The Urbnisi church is a relatively long three-nave basilica, measuring 32.1 × 22.4 m. Principle construction phases are readily discernible in the church walls: the lower part is of stone, well-hewn sandstone blocks laid in regular horizontal courses representing the oldest layer and those placed irregularly constituting the 9th–10th-century reconstruction; the upper part of the church was built of thin bricks, supported by two brick arch-buttresses on either side, in 1668. There are three principal entrances,—by a north, south, and west door. Fragments of an architrave stone and horseshoe-shaped lunette on the east entrance are remnants of the first building layer.

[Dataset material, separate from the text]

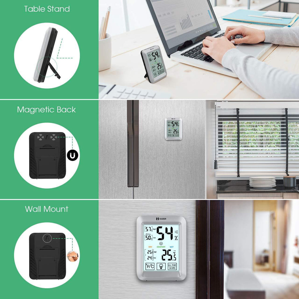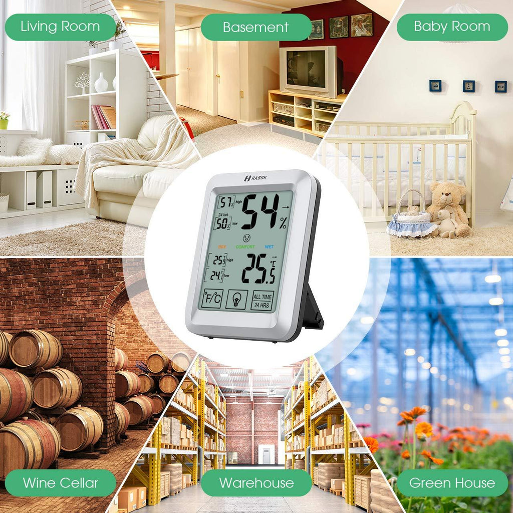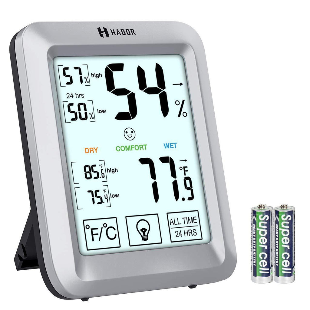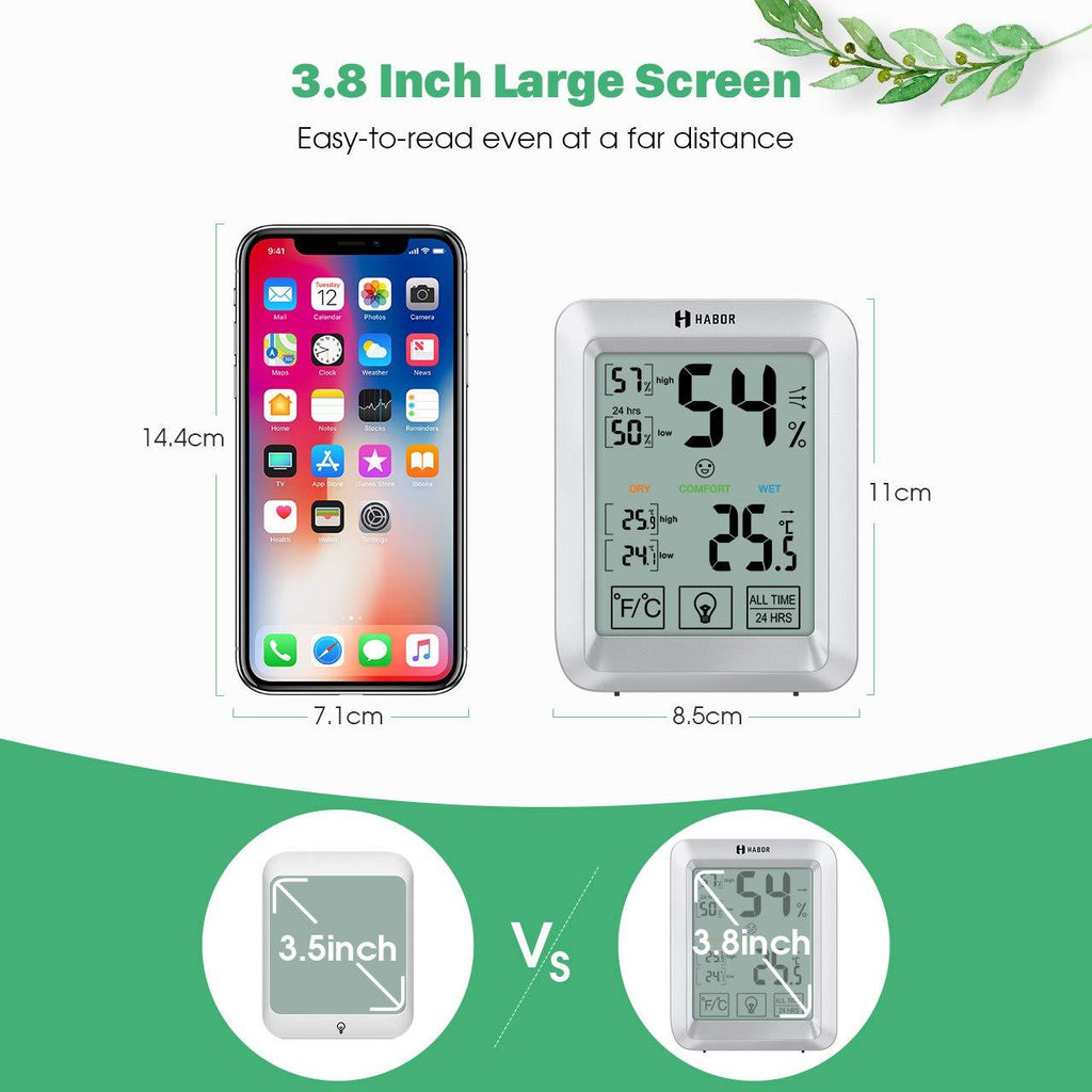 - 【Backlight Large LCD Screen】Habor Upgraded hygrometer thermometer (3. 5-inch large screen), 50% of which is taken up by big digits showing temperature and humidity, offer much clearer display even at a distance. Easy touch-control for switchable temperature unit, 10s bright lighting and temperature hygrometer trend records (2 X AAA Batteries Included).

The interior is composed of three naves separated by four pairs of cruciform pillars with simply profiled imposts hewn out of rectangular stone blocks and cuboid bases. The pillars and semicircular brick arches supported by them divide the barrel-vaulted central nave into five almost equal sized aisles. The sanctuary is elevated one step up from floor level. The lateral naves end to the east in chambers used as pastophoria. The church had two annexes: the one on the south is contemporaneous with the church and terminates to the east in a small chapel (eukterion), while the north annex is a later addition. The church is roofed with ceramic tiles.

=== Inscriptions ===
There are a few inscribed stones on the exterior and a high relief cross on the west façade. Apart from the text on the north façade, which enables the church to be dated to the 5th–6th century, there are four more asomtavruli inscriptions—one above the south door and the rest on the east façade—made by the 10th-century re-builders of the church and mentioning several persons, such as the bishop Tevdore and the deacon Abiathar. The east façade also bears several other inscriptions left by pilgrims.

=== Other structures ===
Some 15 m west of the church stands a three-storey bell-tower built of stone and brick and measuring 9.1 × 10.2. It was constructed—as related in an inscription on the west façade—at the behest of King Vakhtang VI and his wife Rusudan in 1706. Its ground floor acts as the porch. Near the church are other elements of the old Urbnisi settlements such as a circuit wall with ramparts, a 3rd-century bathhouse, a medieval winery, and an aqueduct.